A made a gift deed in favour of B but with direction that he will not get the
possession of property until transferor dies. Is this a vested interest or
contingent interest?
Under the following circumstances, the vested interest remains vested in the transferee even
though–
1. When the enjoyment of the property is postponed.
2. When a prior interest in the property is created.
3. Income arising from the property is accumulated till the right of enjoyment of the property.

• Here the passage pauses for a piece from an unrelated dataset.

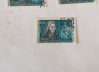 Timbre france Centenaire de la naissance de Sainte Thérèse de l'enfant Jésus 1973 - 0.13 euro Marseille 9 eme 1.10 euro de frais de port attention envoi que pour 1.50 euro de co
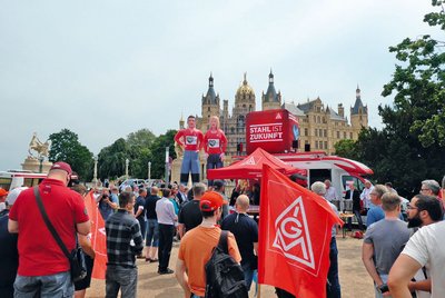 Mitglieder der IG Metall demonstrierten im Juni vor dem Schloss für den Erhalt der Werften im Land. Mit Erfolg – der Landtag sagte seine Unterstütztung zu. Unter die Gewerkschafter hatten sich auch Politiker gemischt, unter anderem MV-Wirtschaftsminister Harry Glawe.

4. When on the happening of a certain event interest passes on to another person.
Case Law
Sunder Bibi v. Rajendra [iv] The court held that A would hold the property till his death and
subsequently after his death the property would pass to B. The interest acquired by B in the
said property is a vested interest. B would acquire vested interest because the death of A is a
condition which is a certain event and is bound to take place.
Illustration
A agrees to transfer his house in favour of B on the condition that B should marry his
daughter ‘X’. Hence such a transfer of property in favour of B is dependent on the condition
of B marrying A’s daughter ‘X’. B may or may not get married to ‘X’. If B gets married to
X, the interest in A’s house gets transferred to B immediately on happening of the specified
event.
Exception
When a person who has a chance of becoming the owner of a specific property and before the
uncertain event takes place, if such a person receives any income arising from such a
property, this interest in the property is not a contingent interest. Hence such an interest is an
exception under section 21.
Section 24 lays down the transfer of an interest in a property to such persons who are alive at
the specified time. [ix]For example, X transfers property to Y for life and after his (Y) death
transfer to A, B, C equally between them. A dies during Y’s lifetime. On Y’s death, the
interest in the property shall pass to B and C equally.